Wednesday, April 11, 2012

War and Remembrance

The Ascended Incarnation of the Reverend Blair has taken a few moments from its ineffable communion with Mammon to say a few words about the practice of handing over Libyan dissidents to the Gaddafi régime. It would perhaps be uncharitable to assume that James Murdoch has donated some of his fabled mnemonic porousness to the Reverend Blair, in the spirit of any young master rewarding a faithful family retainer. Still, his reverence did his plausible deniability no favours by including his fellow prose stylist Gaddafi among "people in the Middle East [who] were also trying to fight terrorism and extremism", or by trotting out the old Abu Ghraib line about nice young men doing a difficult job under difficult circumstances. Nor did the empty suit who served his reverence as a Foreign Secretary prove much help, first contradicting the then-Upper Miliband's admission that Diego Garcia was used for kidnapping purposes and later taking refuge in Britain's still deplorably wide snoopery gap: "No foreign secretary can know all the details of what its intelligence agencies are doing at any one time."

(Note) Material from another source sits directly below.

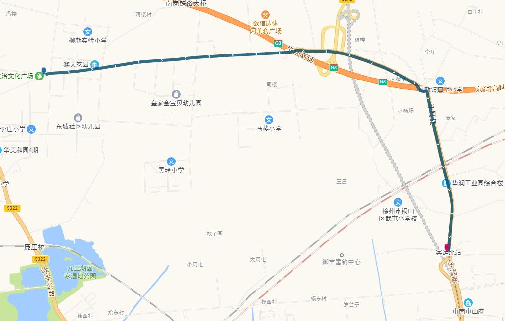 線路站點:山南小鎮(zhèn),山水龍瑞,馬場湖路口,馬場湖,怡康花園,后勤學院北,誠坤鋼材市場,蘇堤北路立交橋(西),蘇堤北路立交橋(東),蘇堤路小學,永業(yè)花園小區(qū),江蘇四監(jiān),銅沛路東口,中山北路立交橋

Meanwhile, the Americans are showing their usual degree of respect for that special relationship whose true parameters the Reverend Blair did so much to clarify: a judge has ruled that the CIA need not hand over information to a British parliamentary committee because the said committee is part of a "foreign government entity". Fortunately, we may take comfort in Tony's moral certainty that everything will be investigated as it should be, now that Gordon Brown is no longer prime minister.